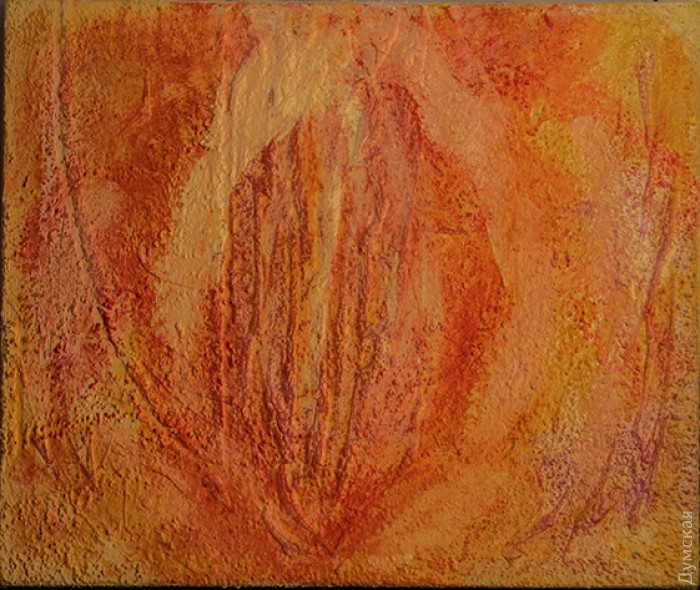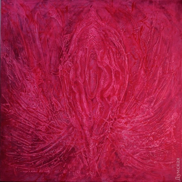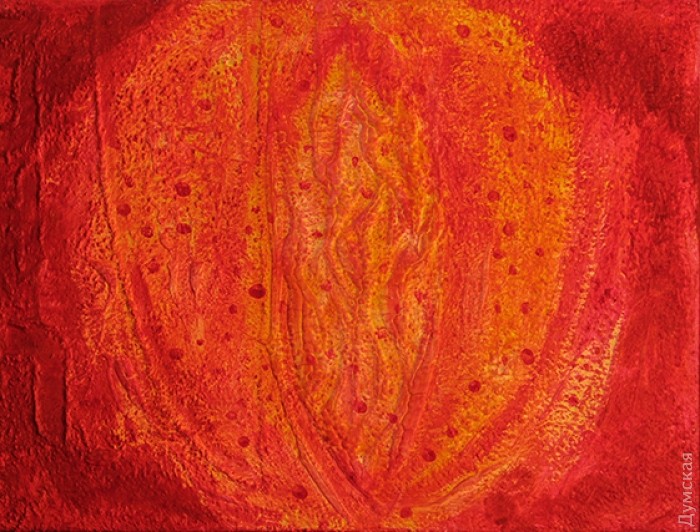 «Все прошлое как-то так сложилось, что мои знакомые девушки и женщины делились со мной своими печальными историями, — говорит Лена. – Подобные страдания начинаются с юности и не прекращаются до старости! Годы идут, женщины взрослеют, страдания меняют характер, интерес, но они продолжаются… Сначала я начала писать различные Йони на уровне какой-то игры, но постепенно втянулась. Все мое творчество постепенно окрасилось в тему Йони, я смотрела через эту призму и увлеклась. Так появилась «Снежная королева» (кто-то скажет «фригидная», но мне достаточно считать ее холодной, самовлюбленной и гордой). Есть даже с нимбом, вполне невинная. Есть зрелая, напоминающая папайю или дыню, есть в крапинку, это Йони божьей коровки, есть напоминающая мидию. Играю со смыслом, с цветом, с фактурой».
---
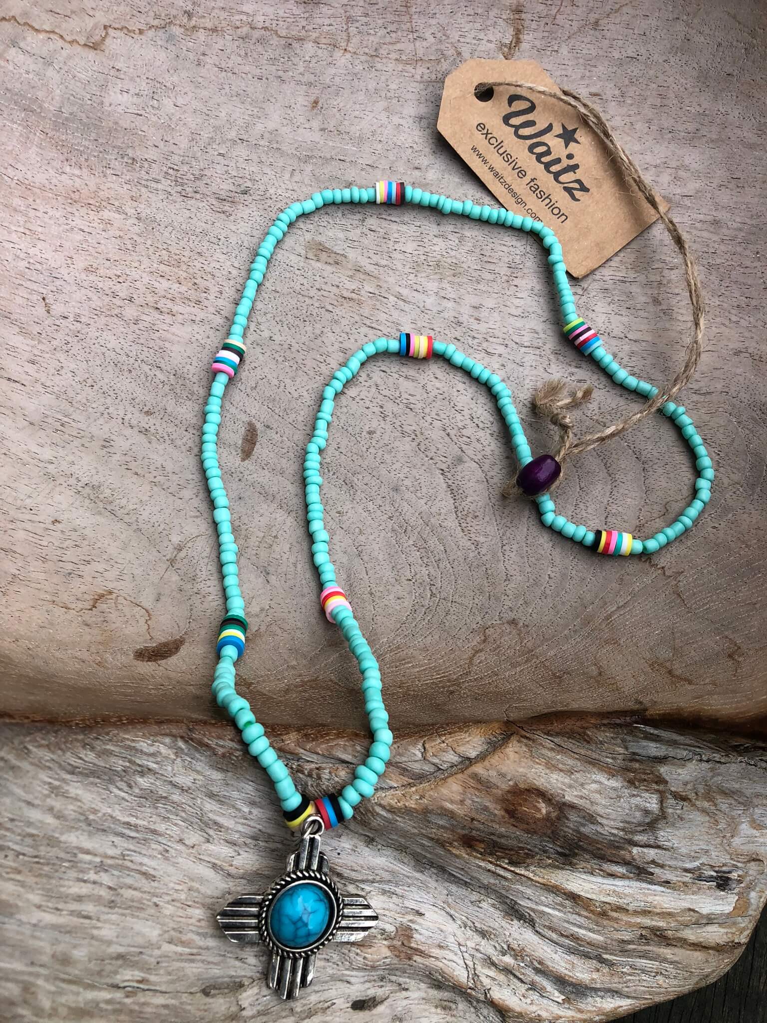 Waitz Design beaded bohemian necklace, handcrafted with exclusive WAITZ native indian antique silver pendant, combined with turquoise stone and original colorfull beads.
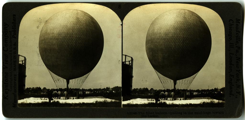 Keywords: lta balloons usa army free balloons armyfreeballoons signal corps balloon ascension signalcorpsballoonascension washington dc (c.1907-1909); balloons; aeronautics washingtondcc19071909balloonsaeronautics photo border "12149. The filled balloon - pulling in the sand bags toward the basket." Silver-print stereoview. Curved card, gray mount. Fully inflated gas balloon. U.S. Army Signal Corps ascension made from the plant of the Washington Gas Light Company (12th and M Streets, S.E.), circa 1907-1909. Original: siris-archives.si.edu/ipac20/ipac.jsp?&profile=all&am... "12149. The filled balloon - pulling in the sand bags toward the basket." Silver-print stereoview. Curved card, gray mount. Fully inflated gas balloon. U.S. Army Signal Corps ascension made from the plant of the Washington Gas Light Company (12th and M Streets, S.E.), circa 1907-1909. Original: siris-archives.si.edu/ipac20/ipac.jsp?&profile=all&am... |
==
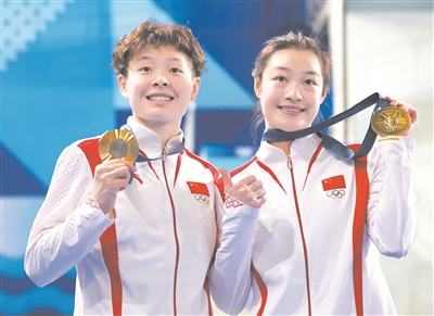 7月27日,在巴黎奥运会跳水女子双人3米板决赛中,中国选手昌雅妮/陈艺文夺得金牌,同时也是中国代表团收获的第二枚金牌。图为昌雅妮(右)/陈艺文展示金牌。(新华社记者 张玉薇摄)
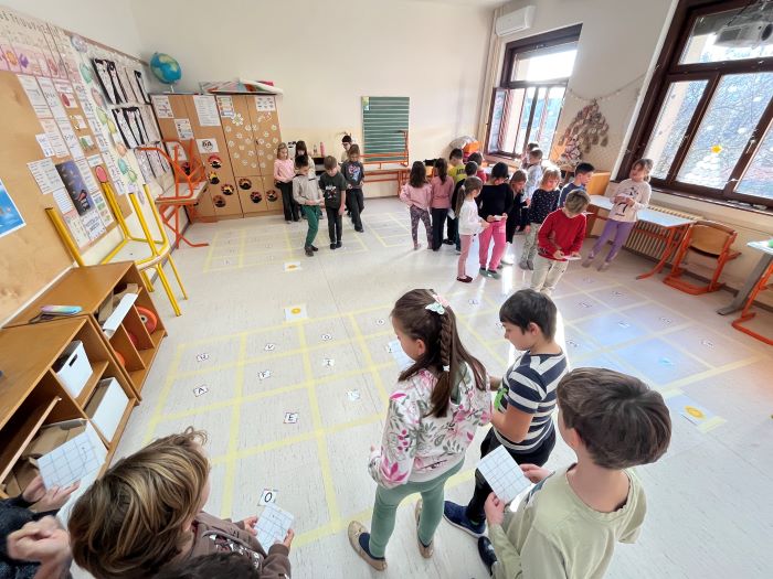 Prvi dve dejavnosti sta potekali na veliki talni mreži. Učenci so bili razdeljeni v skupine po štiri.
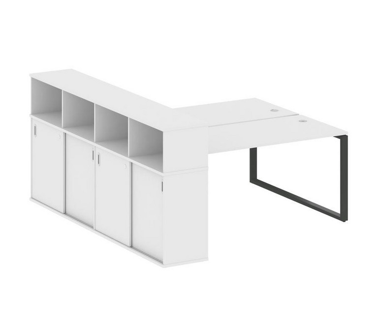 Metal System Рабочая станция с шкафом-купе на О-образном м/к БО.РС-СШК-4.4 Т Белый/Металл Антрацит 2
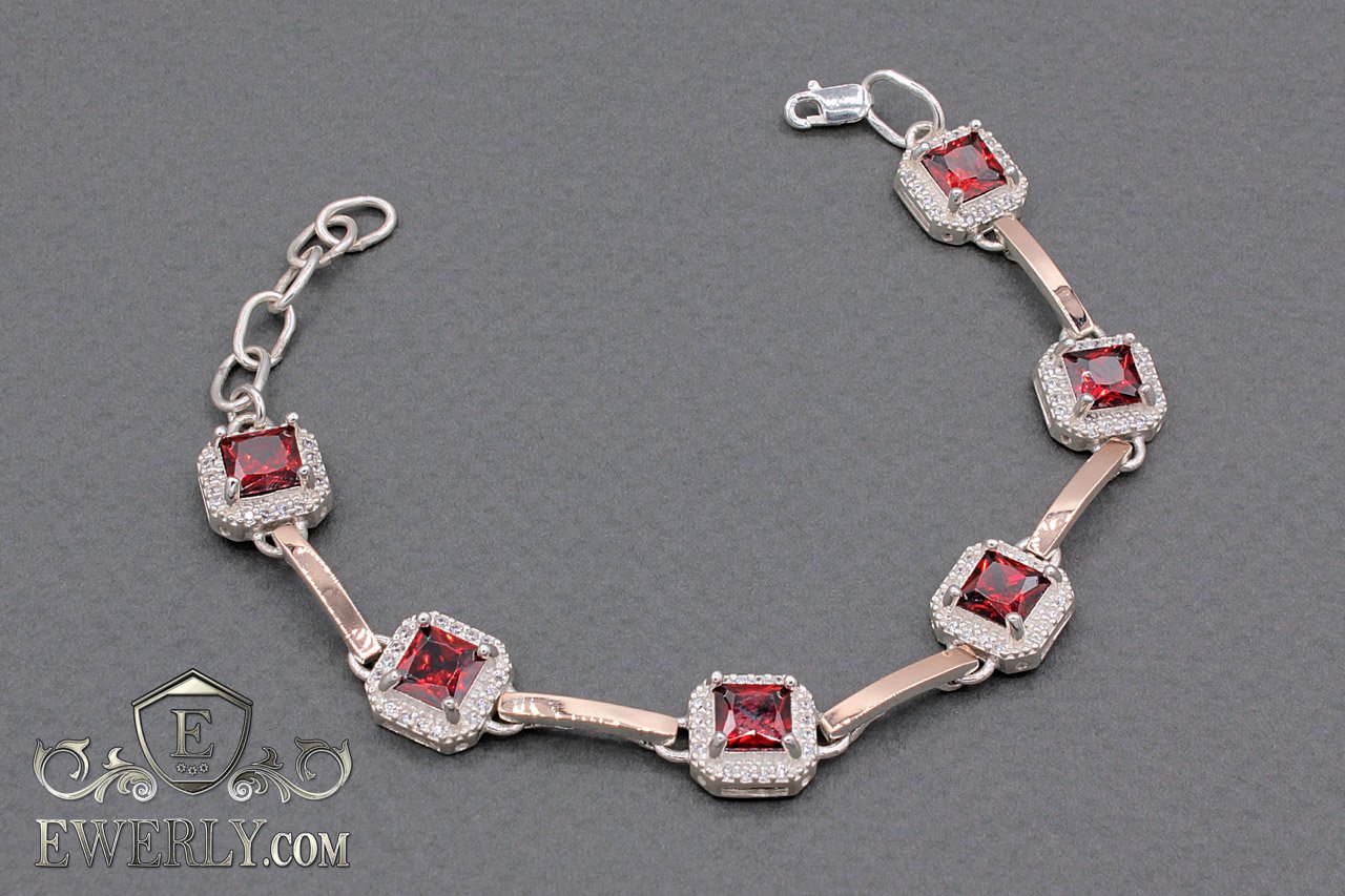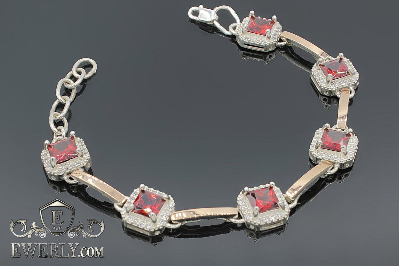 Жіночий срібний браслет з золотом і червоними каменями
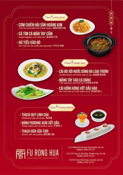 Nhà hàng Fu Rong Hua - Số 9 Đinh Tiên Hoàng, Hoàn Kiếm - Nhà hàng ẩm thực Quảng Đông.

TASK TO CARRY OUT
Range to print from the listing above: from the line with "Prvi dve dejavnosti" up to and including the line with "Nhà hàng Fu". Please print those lines exactly, with no pictures and nothing more.

SOLUTION
 Prvi dve dejavnosti sta potekali na veliki talni mreži. Učenci so bili razdeljeni v skupine po štiri.
 Metal System Рабочая станция с шкафом-купе на О-образном м/к БО.РС-СШК-4.4 Т Белый/Металл Антрацит 2
 Жіночий срібний браслет з золотом і червоними каменями
 Nhà hàng Fu Rong Hua - Số 9 Đinh Tiên Hoàng, Hoàn Kiếm - Nhà hàng ẩm thực Quảng Đông.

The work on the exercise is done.